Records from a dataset
◆ ◆ ◆ ◆ ◆ ◆ ◆
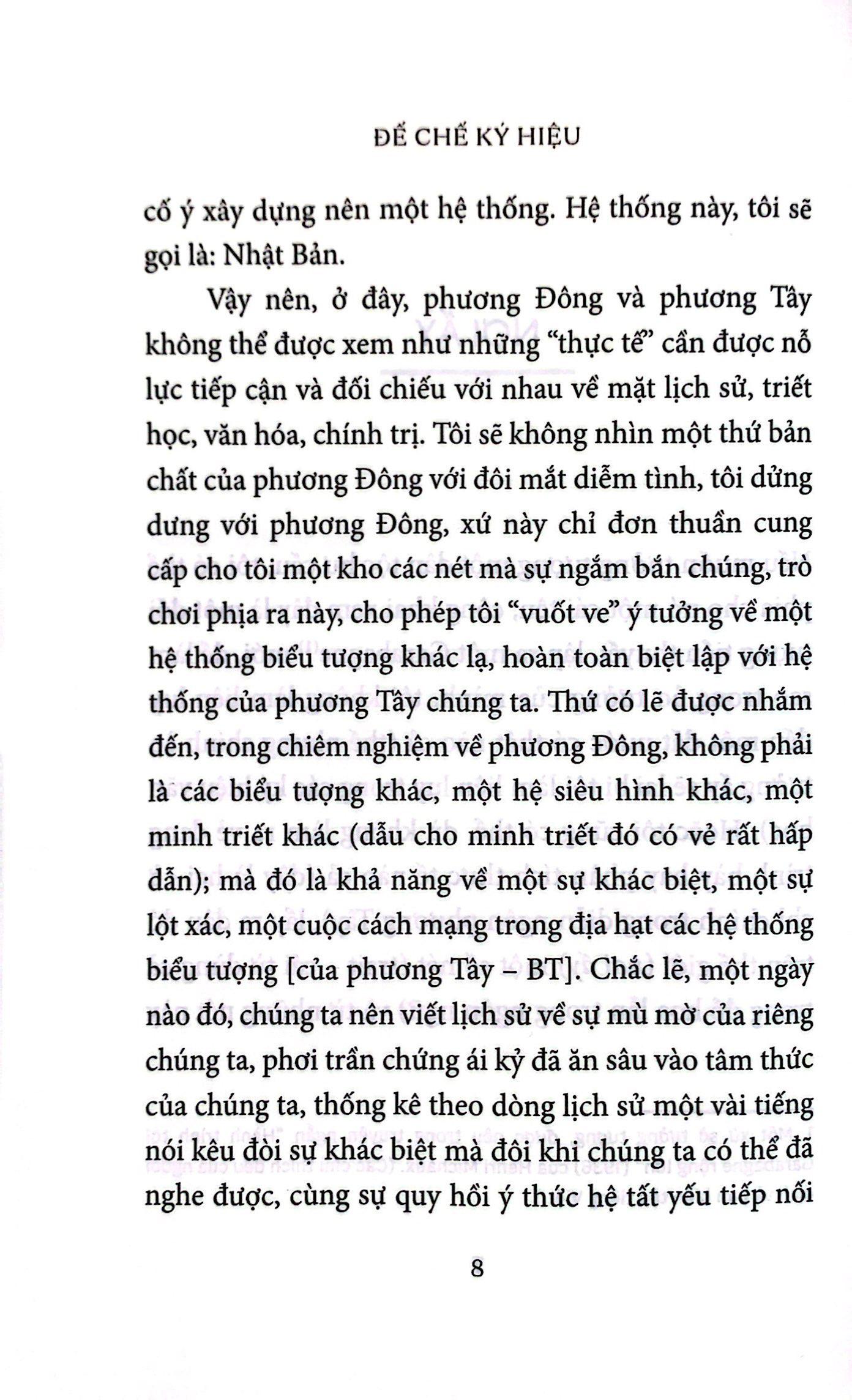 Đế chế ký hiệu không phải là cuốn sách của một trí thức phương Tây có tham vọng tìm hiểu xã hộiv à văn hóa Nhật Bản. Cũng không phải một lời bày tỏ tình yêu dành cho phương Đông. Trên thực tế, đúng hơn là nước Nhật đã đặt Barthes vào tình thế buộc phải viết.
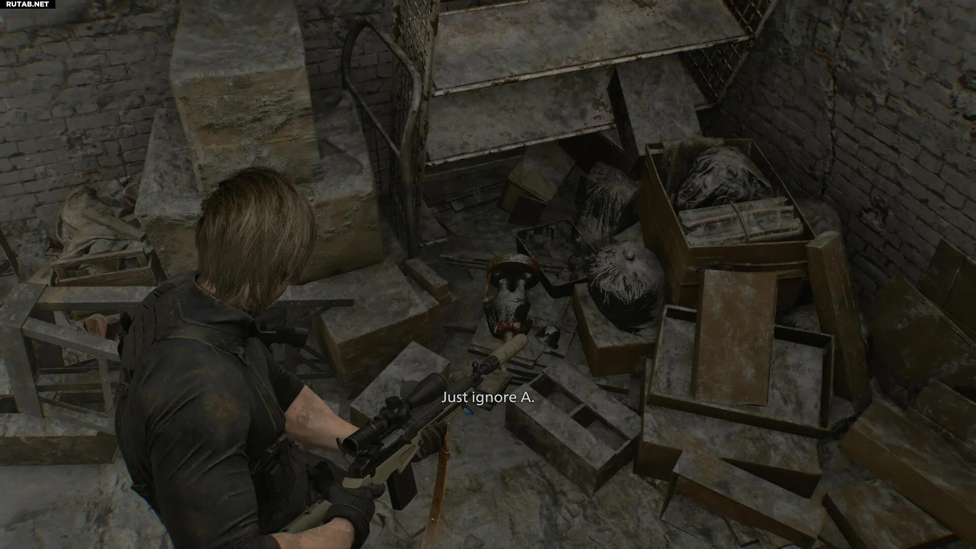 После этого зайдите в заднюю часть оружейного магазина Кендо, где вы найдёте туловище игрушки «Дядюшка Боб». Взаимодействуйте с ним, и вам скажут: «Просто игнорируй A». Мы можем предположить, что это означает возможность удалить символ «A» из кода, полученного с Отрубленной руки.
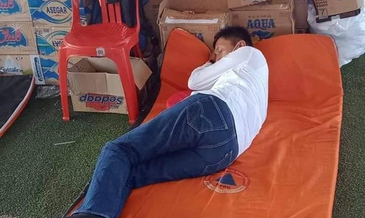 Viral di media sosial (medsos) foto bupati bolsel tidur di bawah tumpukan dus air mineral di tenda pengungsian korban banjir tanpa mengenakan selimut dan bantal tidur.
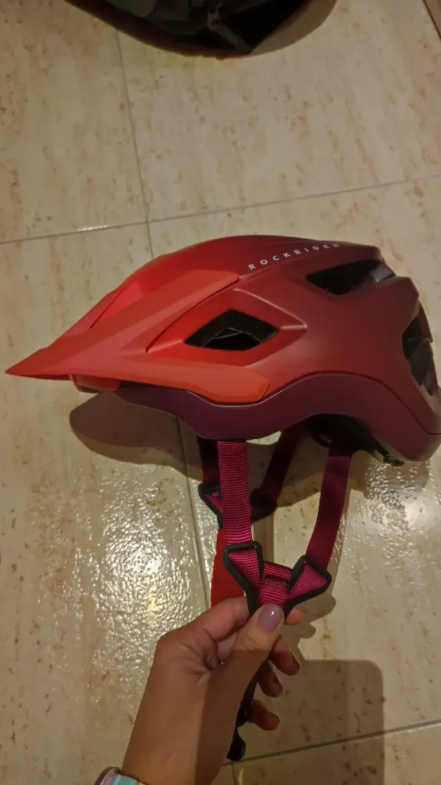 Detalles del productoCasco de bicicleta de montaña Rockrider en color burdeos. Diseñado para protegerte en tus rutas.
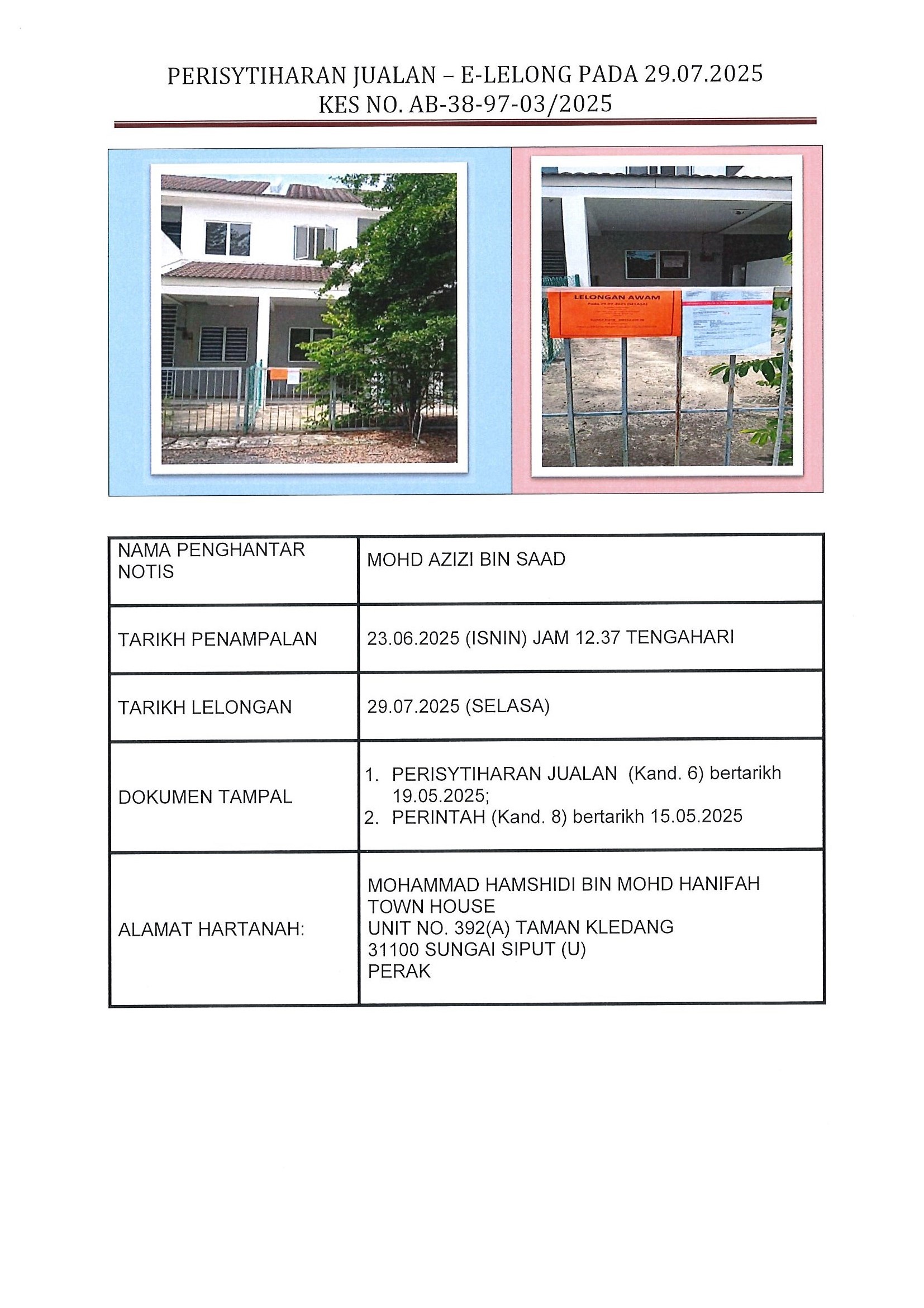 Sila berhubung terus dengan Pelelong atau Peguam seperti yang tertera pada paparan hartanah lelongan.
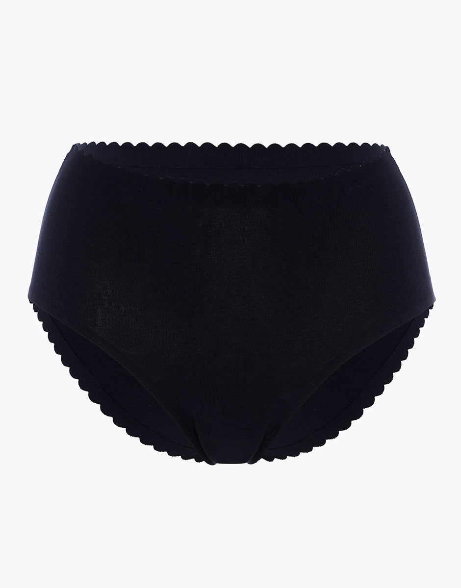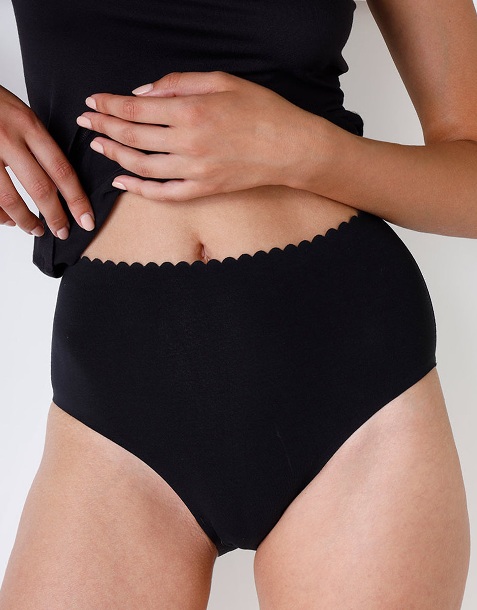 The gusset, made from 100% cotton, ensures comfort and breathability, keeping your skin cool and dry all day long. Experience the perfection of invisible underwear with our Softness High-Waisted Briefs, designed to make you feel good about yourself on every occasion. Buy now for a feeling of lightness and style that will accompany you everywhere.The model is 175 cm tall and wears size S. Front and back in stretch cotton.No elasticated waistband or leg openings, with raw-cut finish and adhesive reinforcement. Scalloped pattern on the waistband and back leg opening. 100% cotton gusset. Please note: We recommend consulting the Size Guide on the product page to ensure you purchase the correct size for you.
◆ ◆ ◆ ◆ ◆ ◆ ◆
• _The task_: Output the line that contains "Detalles del productoCasco" and every subsequent line through the end of the entries, exactly as given, without pictures.

• _Written answer_:
 Detalles del productoCasco de bicicleta de montaña Rockrider en color burdeos. Diseñado para protegerte en tus rutas.
 Sila berhubung terus dengan Pelelong atau Peguam seperti yang tertera pada paparan hartanah lelongan.
 The gusset, made from 100% cotton, ensures comfort and breathability, keeping your skin cool and dry all day long. Experience the perfection of invisible underwear with our Softness High-Waisted Briefs, designed to make you feel good about yourself on every occasion. Buy now for a feeling of lightness and style that will accompany you everywhere.The model is 175 cm tall and wears size S. Front and back in stretch cotton.No elasticated waistband or leg openings, with raw-cut finish and adhesive reinforcement. Scalloped pattern on the waistband and back leg opening. 100% cotton gusset. Please note: We recommend consulting the Size Guide on the product page to ensure you purchase the correct size for you.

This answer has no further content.